- [Task]: The reply should contain the full listing exactly as written and no pictures at all.

- [Given information]:
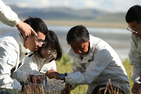 馬騰帶領(lǐng)團(tuán)隊在內(nèi)蒙古錫林郭勒大草原采集自然發(fā)酵乳。左三為馬騰。受訪者供圖
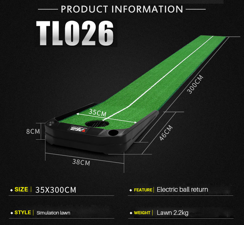 Hillman PGM 3m Golf Putting Trainer Artificial Turf with Electronic Ball Return
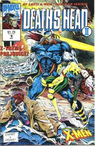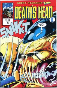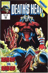 Originally launched as a four-issue limited series, Death’s Head II then became an ongoing series – and also featured in a number of team-up limited series designed to showcase new Marvel UK characters. One of these was Death3, teaming up Death’s Head II with newly created “brothers”, Death Metal and his prototype Death Wreck. The recurring character throughout this was Dr Evelyn Necker, the scientist who creates the Minion series (Death’s Head II and his “brothers”). Death’s Head II became the flagship character for Marvel UK – a costume was even made for promotional appearances and was part of the 1993 Lord Mayor’s Show – and there were concerns at Marvel UK in early 1993 that they could be overestimating his popularity and over-exposing the character. When Marvel UK was cancelled, a Death’s Head II/Punisher crossover was in production and he was playing a key role in the completed, but never published, Loose Cannons (released online).
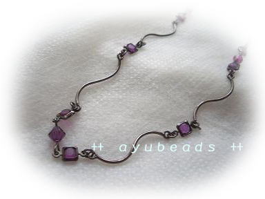 パープル系のピンク...S字のパーツを組み合わせ少し控えめなネックレスです^^S字のパーツが鎖骨のあたりでクネクネ(表現が下手ですが...)っとした感じが可愛らしさをかもし出している??控えめなので他のアクセサリーと重ね付けもありです^^サイズは42~47cm。スワロフスキービーズも使用しています。Shop販売価格 1,890円 (税込み)このアクセサリーはLove Four Shopで販売しています...←応援クリックお願いします♪
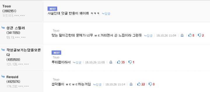 이런 되도 않은 인신공격성글 올리는 새끼들 현실에서 보면 뚝배기를 깨니마니 하는둥
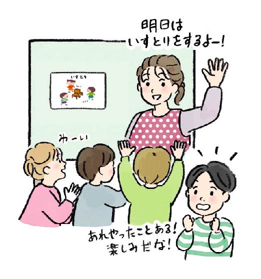 | 今日の楽しかった活動を絵カードを見ながら思い出せるように 「楽しいお知らせ」を聞いて、期待を膨らませることができたら、次は活動後に楽しかったことを振り返り、みんなでその楽しさを共有しましょう。ここでも活動を示す絵カードを提示しながら話すと、発達に課題のある子も「あのあそびの話か!」とわかり、活動を思い出しやすくなります。 |
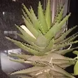 翡翠殿(Aloe squarrosa)。多年生肉质植物,百合科芦荟属。原产地南非。叶片互生,旋列于茎顶,叶螺旋状互生,叶三角形,淡绿色至黄绿色,叶缘有白色的白齿,夏季开花。
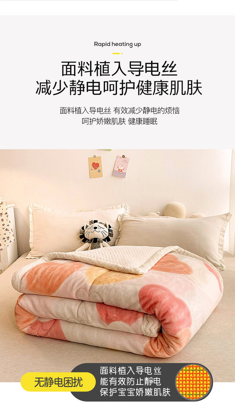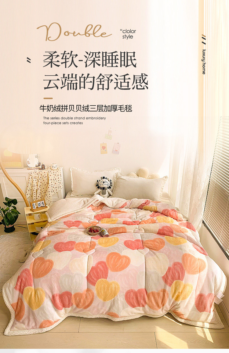 慕尚家纺2022新款牛奶绒贝贝绒三层加厚毛毯加厚毯-桃桃
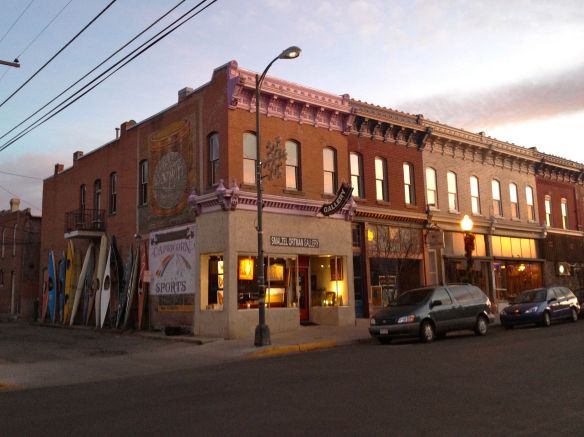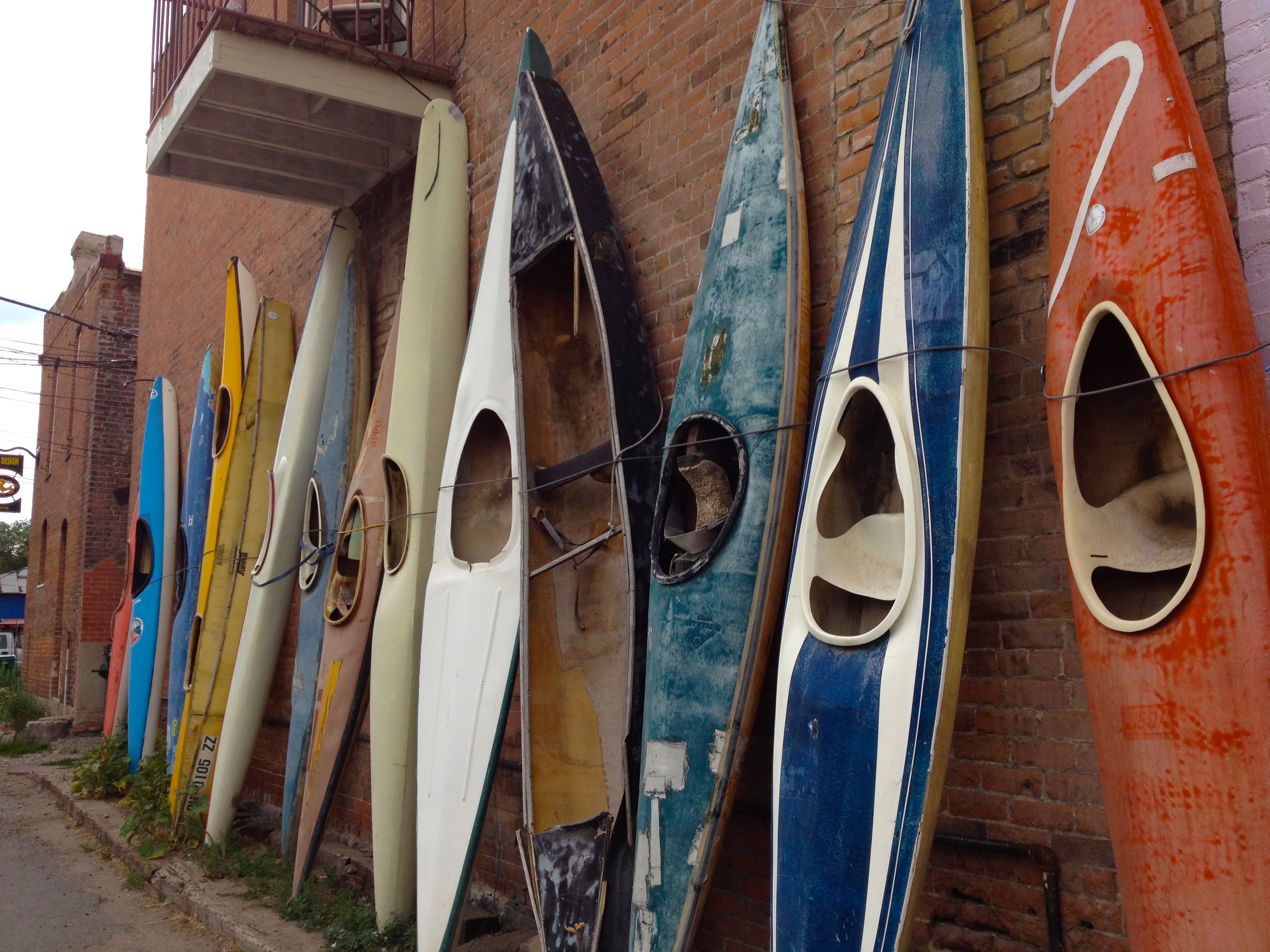 Salida, Colorado, USA. This is a classic, highly photographed scene in the small mountain town. The old school kayaks against an aging brick wall of a local building are postcard ready. Located along the Arkansas River, Salida, is a boating town (river rafting and kayaking), so this is a fitting image.

- [Reply to the task]:
 馬騰帶領(lǐng)團(tuán)隊在內(nèi)蒙古錫林郭勒大草原采集自然發(fā)酵乳。左三為馬騰。受訪者供圖
 Hillman PGM 3m Golf Putting Trainer Artificial Turf with Electronic Ball Return
 Originally launched as a four-issue limited series, Death’s Head II then became an ongoing series – and also featured in a number of team-up limited series designed to showcase new Marvel UK characters. One of these was Death3, teaming up Death’s Head II with newly created “brothers”, Death Metal and his prototype Death Wreck. The recurring character throughout this was Dr Evelyn Necker, the scientist who creates the Minion series (Death’s Head II and his “brothers”). Death’s Head II became the flagship character for Marvel UK – a costume was even made for promotional appearances and was part of the 1993 Lord Mayor’s Show – and there were concerns at Marvel UK in early 1993 that they could be overestimating his popularity and over-exposing the character. When Marvel UK was cancelled, a Death’s Head II/Punisher crossover was in production and he was playing a key role in the completed, but never published, Loose Cannons (released online).
 パープル系のピンク...S字のパーツを組み合わせ少し控えめなネックレスです^^S字のパーツが鎖骨のあたりでクネクネ(表現が下手ですが...)っとした感じが可愛らしさをかもし出している??控えめなので他のアクセサリーと重ね付けもありです^^サイズは42~47cm。スワロフスキービーズも使用しています。Shop販売価格 1,890円 (税込み)このアクセサリーはLove Four Shopで販売しています...←応援クリックお願いします♪
 이런 되도 않은 인신공격성글 올리는 새끼들 현실에서 보면 뚝배기를 깨니마니 하는둥
 | 今日の楽しかった活動を絵カードを見ながら思い出せるように 「楽しいお知らせ」を聞いて、期待を膨らませることができたら、次は活動後に楽しかったことを振り返り、みんなでその楽しさを共有しましょう。ここでも活動を示す絵カードを提示しながら話すと、発達に課題のある子も「あのあそびの話か!」とわかり、活動を思い出しやすくなります。 |
 翡翠殿(Aloe squarrosa)。多年生肉质植物,百合科芦荟属。原产地南非。叶片互生,旋列于茎顶,叶螺旋状互生,叶三角形,淡绿色至黄绿色,叶缘有白色的白齿,夏季开花。
 慕尚家纺2022新款牛奶绒贝贝绒三层加厚毛毯加厚毯-桃桃
 Salida, Colorado, USA. This is a classic, highly photographed scene in the small mountain town. The old school kayaks against an aging brick wall of a local building are postcard ready. Located along the Arkansas River, Salida, is a boating town (river rafting and kayaking), so this is a fitting image.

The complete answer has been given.